#### TASK DESCRIPTION:
Pictures stay out of the copy. Retype exactly the lines below from the one with "中粮科工:融资净买入27.02万元,融资余额2.27亿元(10-27)" through the one with "News1 오대일 기자 |".

#### RECORDS SUPPLIED:
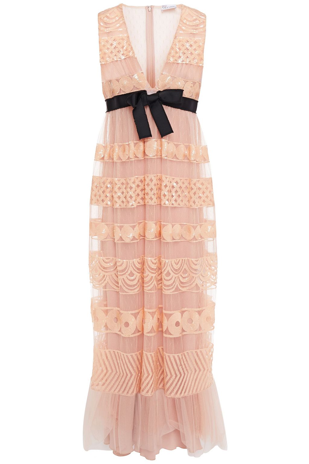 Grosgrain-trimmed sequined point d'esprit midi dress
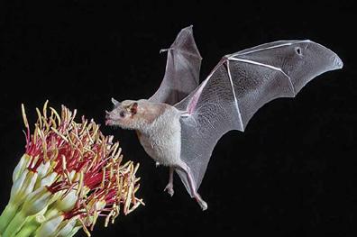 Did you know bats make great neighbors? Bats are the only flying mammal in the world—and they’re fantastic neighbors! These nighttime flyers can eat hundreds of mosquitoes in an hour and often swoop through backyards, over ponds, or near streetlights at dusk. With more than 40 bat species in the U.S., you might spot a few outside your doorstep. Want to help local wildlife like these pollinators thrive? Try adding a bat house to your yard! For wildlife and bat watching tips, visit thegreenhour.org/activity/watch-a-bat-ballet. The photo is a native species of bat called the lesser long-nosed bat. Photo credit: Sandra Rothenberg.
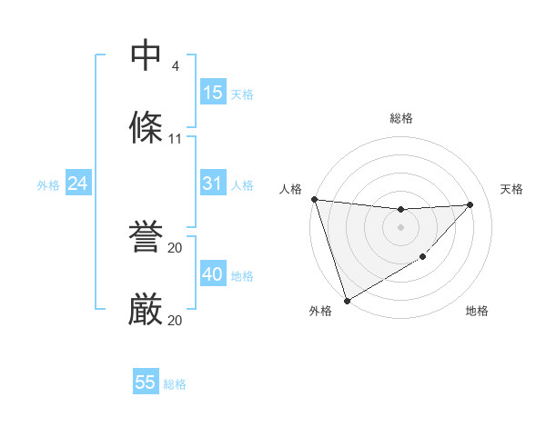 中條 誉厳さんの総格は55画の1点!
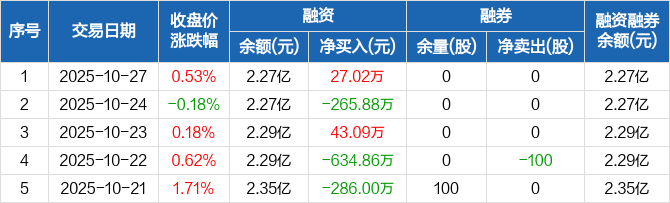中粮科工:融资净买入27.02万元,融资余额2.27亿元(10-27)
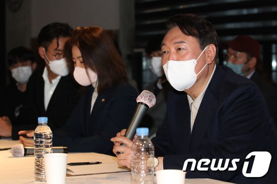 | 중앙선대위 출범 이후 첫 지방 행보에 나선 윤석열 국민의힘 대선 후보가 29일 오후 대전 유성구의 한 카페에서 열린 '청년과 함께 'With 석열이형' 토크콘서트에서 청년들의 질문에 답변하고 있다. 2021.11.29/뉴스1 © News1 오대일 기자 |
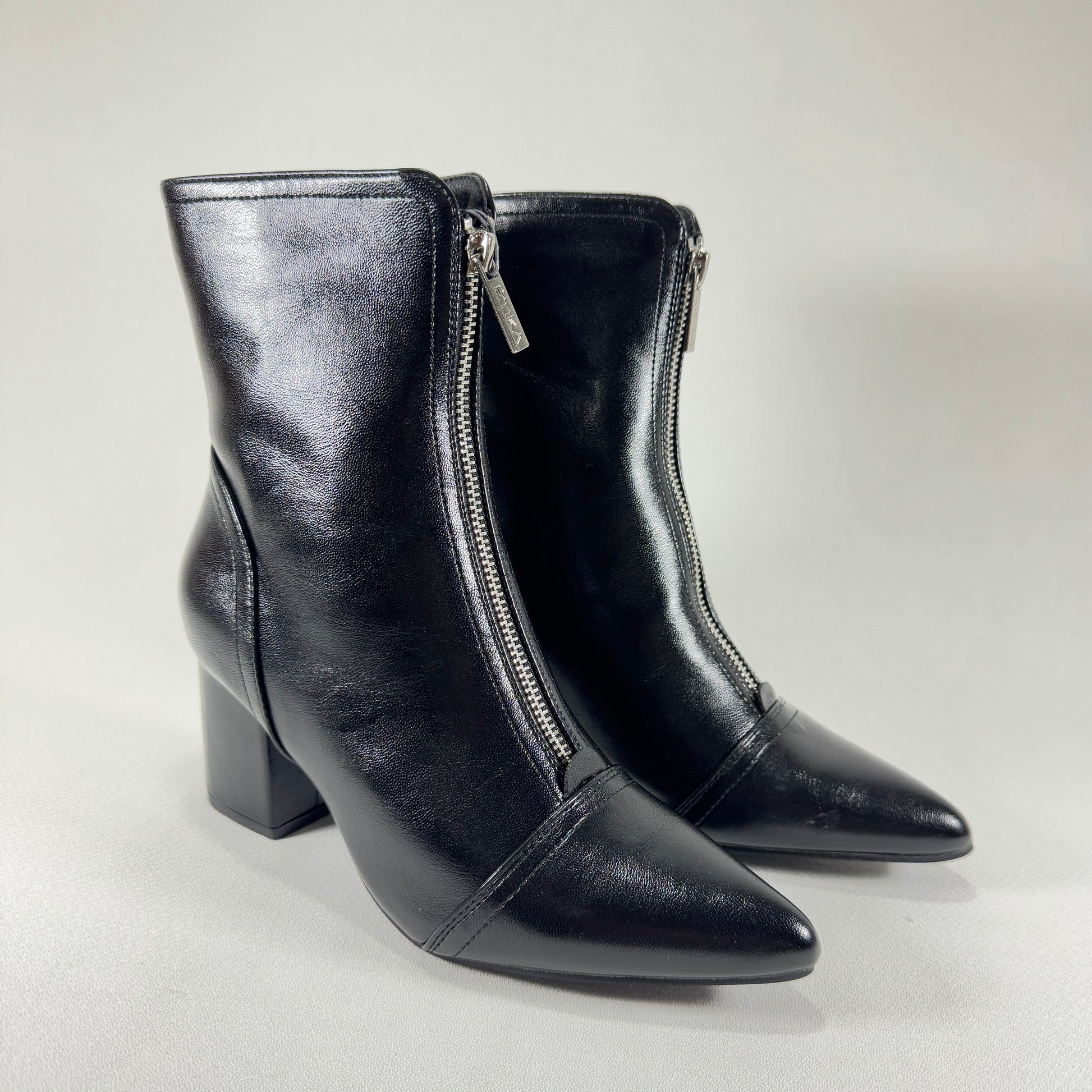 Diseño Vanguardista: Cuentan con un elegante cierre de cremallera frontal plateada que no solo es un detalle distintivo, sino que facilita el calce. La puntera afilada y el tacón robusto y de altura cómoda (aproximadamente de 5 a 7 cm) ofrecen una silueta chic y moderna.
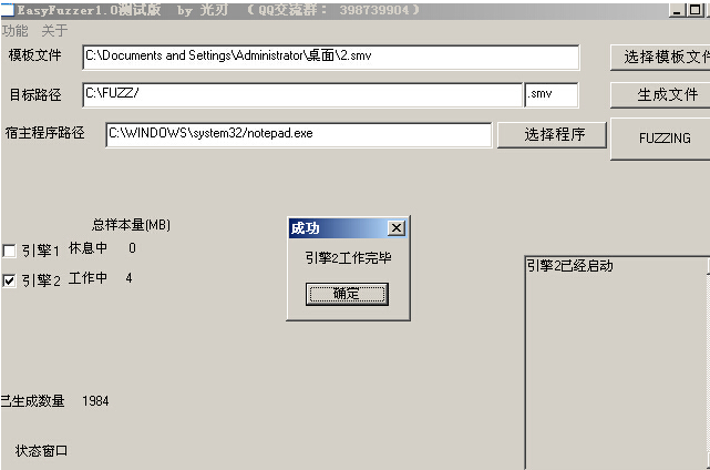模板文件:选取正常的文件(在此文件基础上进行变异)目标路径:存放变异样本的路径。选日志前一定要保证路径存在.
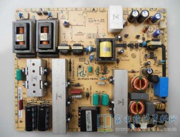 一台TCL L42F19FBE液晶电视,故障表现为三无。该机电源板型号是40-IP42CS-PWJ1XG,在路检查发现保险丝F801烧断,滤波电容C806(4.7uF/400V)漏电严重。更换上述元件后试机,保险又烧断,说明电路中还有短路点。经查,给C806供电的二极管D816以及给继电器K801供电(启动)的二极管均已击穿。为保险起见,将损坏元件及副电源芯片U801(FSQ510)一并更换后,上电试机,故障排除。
--
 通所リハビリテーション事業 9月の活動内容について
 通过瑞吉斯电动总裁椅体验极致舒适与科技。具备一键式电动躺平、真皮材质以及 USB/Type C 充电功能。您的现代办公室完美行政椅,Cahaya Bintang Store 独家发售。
--
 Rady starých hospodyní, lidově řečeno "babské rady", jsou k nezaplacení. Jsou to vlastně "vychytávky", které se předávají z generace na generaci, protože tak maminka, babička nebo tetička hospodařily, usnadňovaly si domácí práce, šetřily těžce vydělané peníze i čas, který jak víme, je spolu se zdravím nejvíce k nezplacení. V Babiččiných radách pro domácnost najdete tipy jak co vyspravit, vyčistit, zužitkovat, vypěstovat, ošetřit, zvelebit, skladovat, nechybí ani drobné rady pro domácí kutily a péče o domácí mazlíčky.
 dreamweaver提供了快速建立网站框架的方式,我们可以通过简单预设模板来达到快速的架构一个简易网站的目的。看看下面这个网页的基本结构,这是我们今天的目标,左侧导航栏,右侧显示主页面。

#### FINAL ANSWER:
中粮科工:融资净买入27.02万元,融资余额2.27亿元(10-27)
 | 중앙선대위 출범 이후 첫 지방 행보에 나선 윤석열 국민의힘 대선 후보가 29일 오후 대전 유성구의 한 카페에서 열린 '청년과 함께 'With 석열이형' 토크콘서트에서 청년들의 질문에 답변하고 있다. 2021.11.29/뉴스1 © News1 오대일 기자 |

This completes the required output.